CEO Reads: Fortune Favours the Dead

Jane Cowell

7 October, 2021

A detective novel set in New York in 1946 with two female private investigators, a locked door mystery and a dead society widow: what’s not to love in the new Stephen Spotswood mystery Fortune Favours the Dead?!

This recommendation came from a list of underrated novels that came out in 2020 from the LitHub website. Lit Hub is a great website to explore new and recommended fiction and non-fiction alike. While this is a debut novel for Spotswood he is an award-winning playwright, journalist and educator. He lives in Washington with his wife, the young adult author Jessica Spotswood. He has spent the last two decades as a journalist writing about the aftermath of the wars in Iraq and Afghanistan and the struggles of wounded veterans.

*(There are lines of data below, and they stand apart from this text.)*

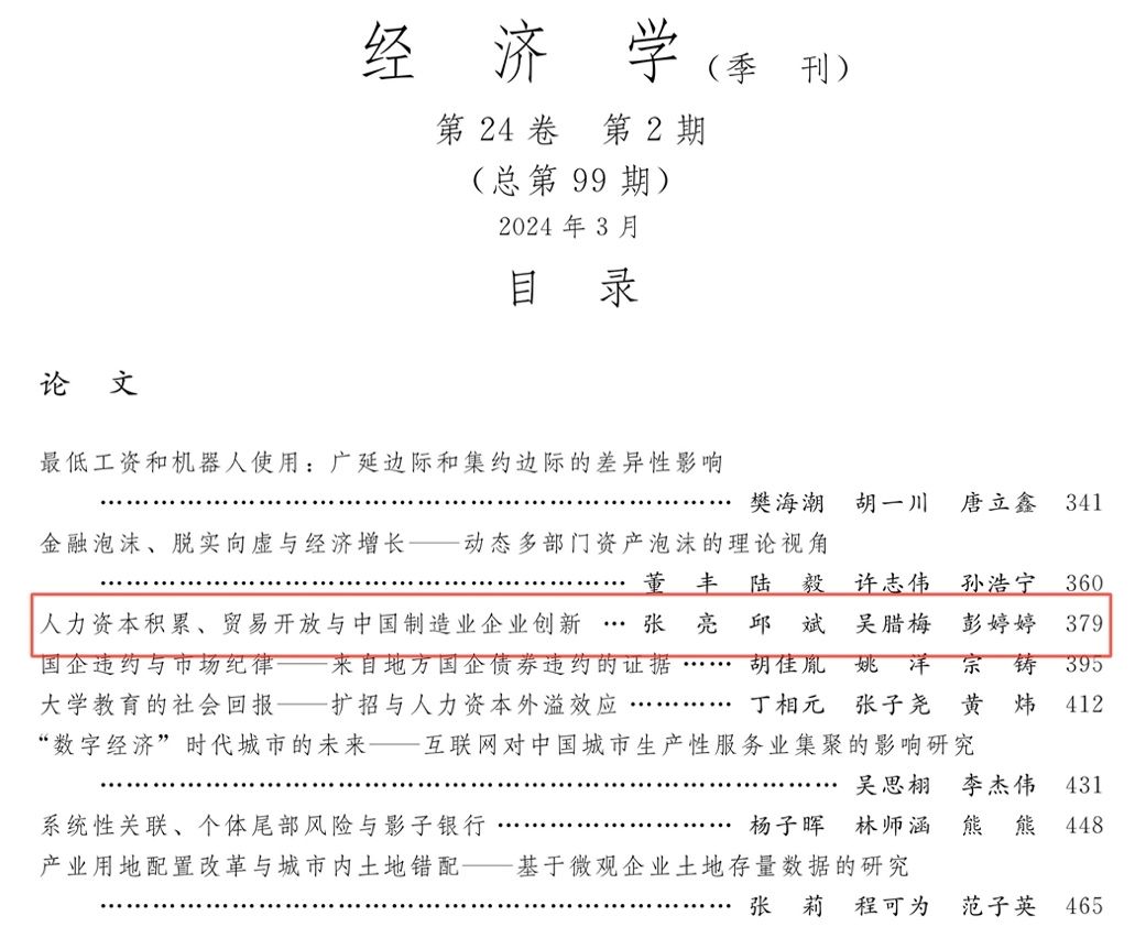 近日,经济学院张亮老师合作论文《人力资本积累、贸易开放与中国制造业企业创新》在《经济学》(季刊)2024年第2期刊出。
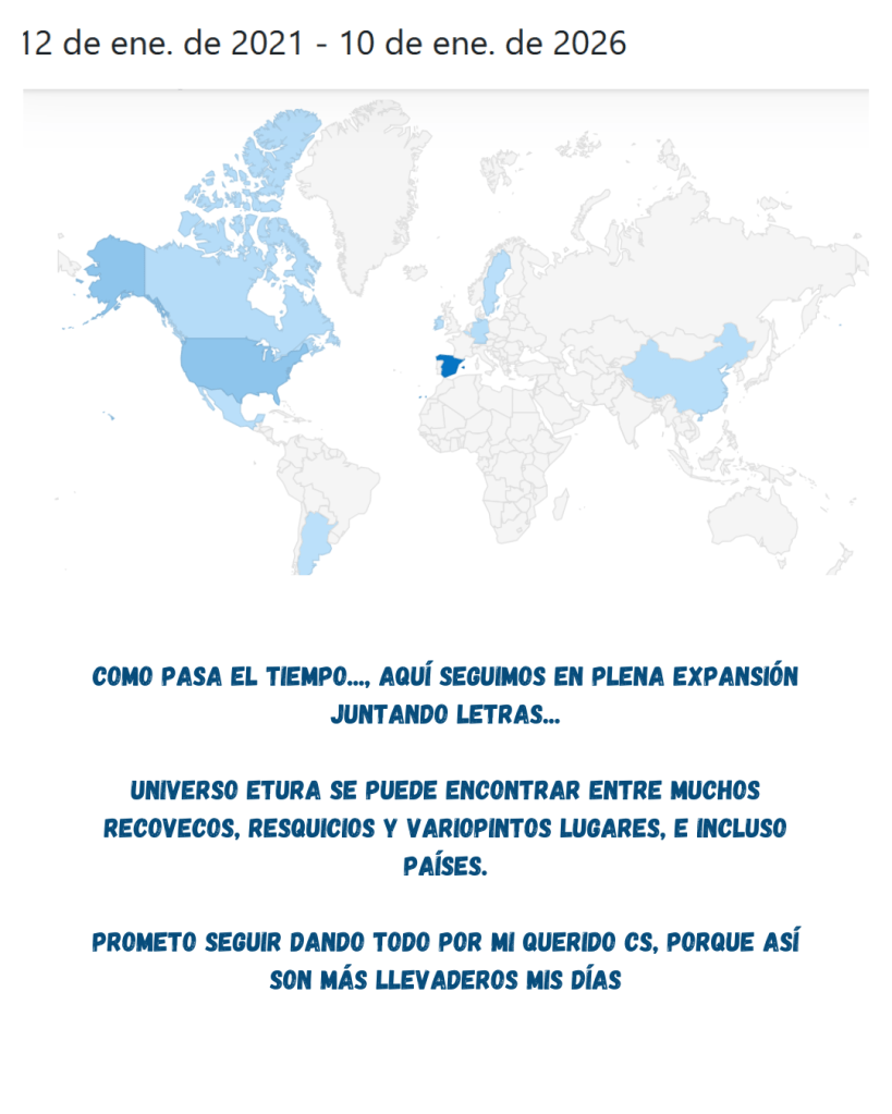 Gracias por todo, Etura. Siempre serás un rinconcito donde ser un poquito más yo y refugiarme de este extraño, pero apasionante, mundo. Este blog siempre será mi pequeño y privado universo en constante expansión, allí donde comparto mis recovecos, sincericidios y extrañezas.
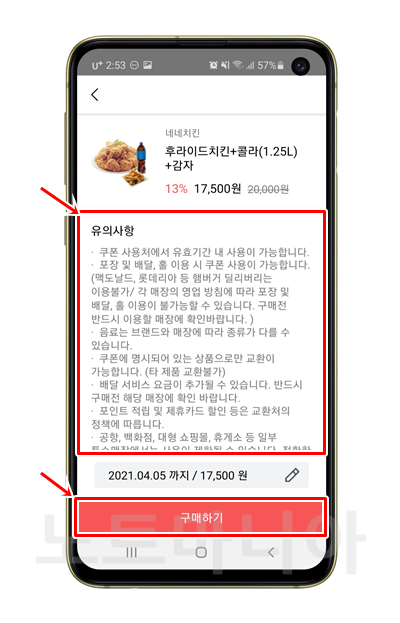 유의사항을 잘 읽어주세요. 주의할 점은 치킨 메뉴 같은 경우, 메뉴 변경이 안될 가능성이 높습니다. 카페 쿠폰들은 메뉴와 상관없이 금액만 맞으면 아무 음료나 주문할 수 있는것과는 대조적이죠? 그리고 환불이 안되니까 신중하게 구매를 하시기 바랍니다. 이점 참고하세요.

In Fortune Favours the Dead, Spotswood has created a new series that looks set to be a must-read for all mystery lovers. There is a bit of Agatha Christie, some Nero Wolfe and a dash of noir for the pulp fiction fans — so a bit of everything that melds seamlessly through the voice of Will Parker, the snappy assistant to the private investigator Lillian Pentecost. The matriarch of the rich Collins family is bashed to death by a crystal ball in a locked room during a family business party. There are lots of suspects — handily listed at the start of the book so you can keep track — many twists and surprises to keep you thinking, and the slow reveal of the backgrounds of the main characters builds an engaging relationship between the reader and Will and Ms Pentecost.

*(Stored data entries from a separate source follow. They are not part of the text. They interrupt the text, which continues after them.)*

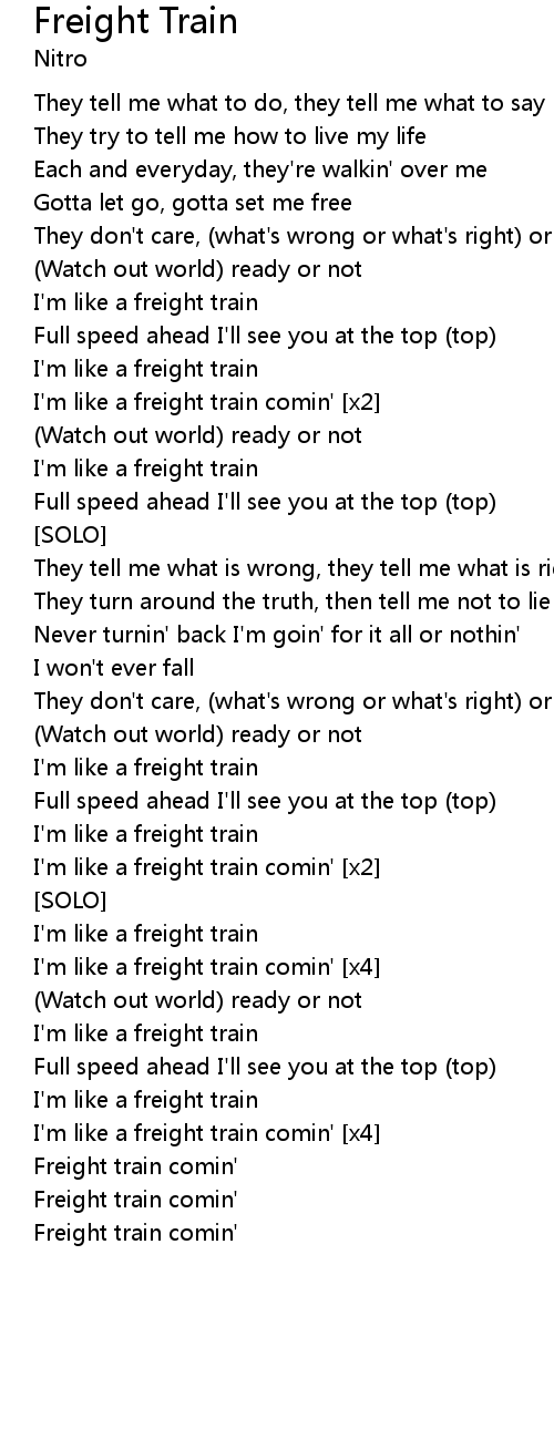 | I'm like a freight train comin' [x4] | |
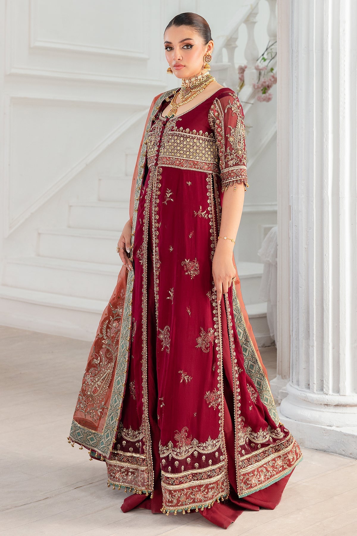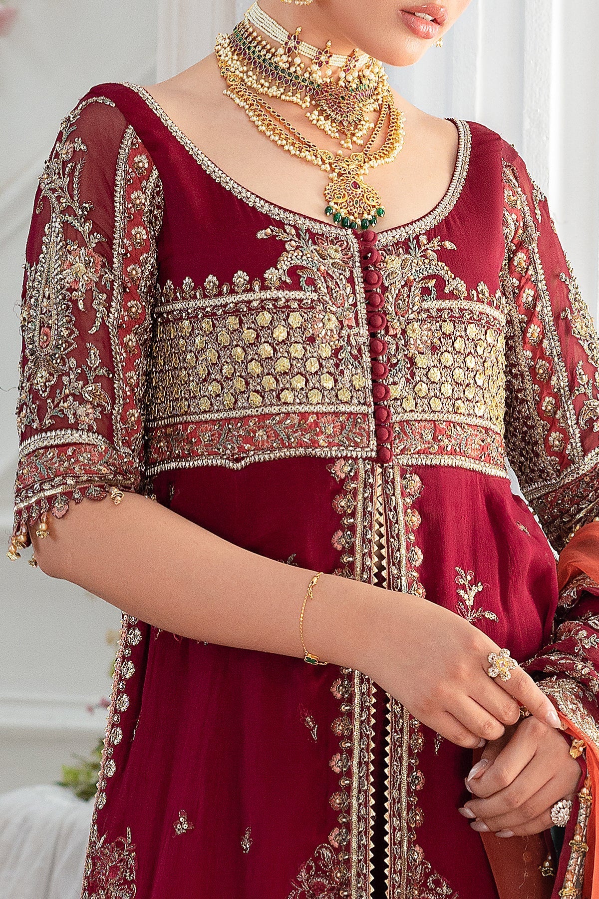 An opulent ensemble featuring an intricately embroidered and adda work dyed chiffon shirt with detailed front and back kali panels, yock, sleeve, and daman embellishments. The set is paired with a dyed inner shirt, a dyed raw silk trouser, and a dyed organza dupatta adorned with extensive embroidered patti and dupatta pallu detailing. This outfit is the epitome of festive luxury, perfect for Eid and special occasions.
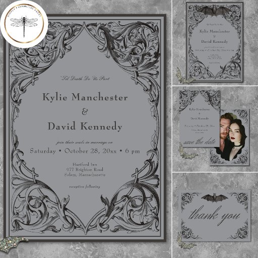 ESTA INVITACIÓN ESTÁ EN DOS LADOS, CON RECEPCIÓN DE BODA E INFORMACIÓN DE REVELO EN LA PARTE TRASERA. EN LA COLECCIÓN TAMBIÉN SE OFRECE UNA INVITACIÓN TRADICIONAL DE UN LADO. Elevar a tu boda gótico con una invitación matrimonial de inspiración victoriana que exuda elegancia y misterio intemporal. Diseñado para parecerse a un enlace de libros antiguo, este impresionante diseño presenta un diseño intrincado de color negro y gris lacado, que evoca el encanto de una época pasada. Un murciélago, con sus alas extendidas, se sienta en el pináculo. El texto, "Parte de la muerte dura", puede ser editado y modificado, o suprimido por completo, si lo prefiere. Que tu historia de amor se desarrolle con una invitación tan inolvidable como tu día. Creado por Simply Farmhouse Press.

"A detective novel set in New York in 1946 with two female private investigators, a locked door mystery and a dead society widow: what’s not to love?"

- Jane Cowell

Lillian Pentecost has MS which is worsening and she finds an assistant in the unconventional Willowjean Parker, whose path to lady detective includes a stint in the circus. Enter stage left the Collins family's consulting psychic Ariel Belestrade whose practices are so questionable she’s being investigated by Professor Olivia Waterhouse. And let’s not forget the Collins family themselves — dogged by tragedy when their father shot himself the year before and now their mother is brutally murdered.

Rich and compelling, this book explores what it means to be queer in 1945 America, brings the working intelligent women to the fore in an otherwise straight washed male-dominated genre. It will grab you from the beginning pages and keep you guessing and entertained to the end.

I cannot wait for the next in the series, Murder Under Her Skin, due out in December.